The climate crisis and grassroots sports
A report has shown that extreme weather associated with climate change is severely affecting sports at amateur and grassroots level.
The report was published by the British Association of Sustainable Sport, which said rain-affected facilities were becoming a fixture of amateur sport in the UK, with ground staff struggling with cancellations and rescheduling.
According to an article from the BBC, nearly two-thirds of those who play or watch golf have experienced extreme weather in the past year, while conditions such as flooding have also affected roughly 40% of football players and spectators.
The report surveyed 2,006 people overall, with participants asked whether they had watched or participated in grassroots sport during the past 12 months. Of the 1,059 that had taken part in golf, football or cricket, 48% said they had been affected by bad weather associated with climate change.
Of the golfers and golf spectators polled, 64% said they had encountered disruption to the sport such as rescheduling, reduction in length of matches or cancellation.

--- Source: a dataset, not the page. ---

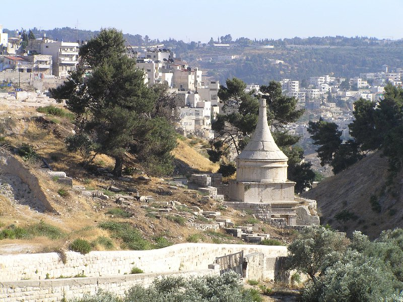 Yad Avshalom, on Mt. Olives slopes, Jerusalem Photographed by Eman on June 2005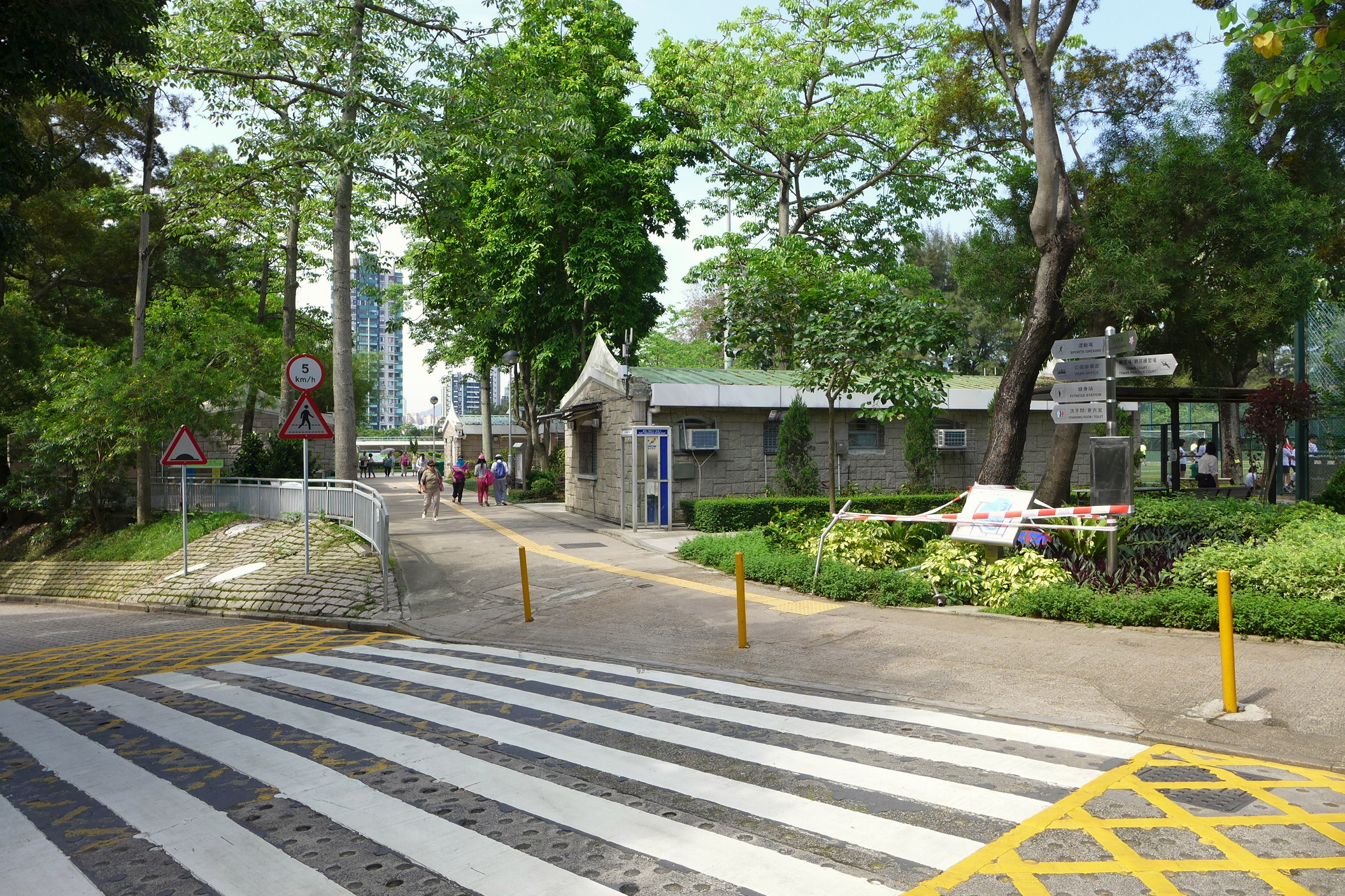 Kowloon Tsai Park Park Office

And in cricket, the figure was reported to be 60%. England Women cricket player Tammy Beaumont told the BBC: “Beyond just the loss of missed games in the immediate term, we’re risking longer-term impacts on sport too. The more games are called off, the more likely it is that players will lose interest in playing the sport.
“If the cricket season is spent mainly watching it rain or playing on dry, poor wickets, players may leave the sport for a game they get more opportunity in – or stop sport altogether.”
Concern was also raised by the Football Association, which has previously estimated that roughly 120,000 games are cancelled every season.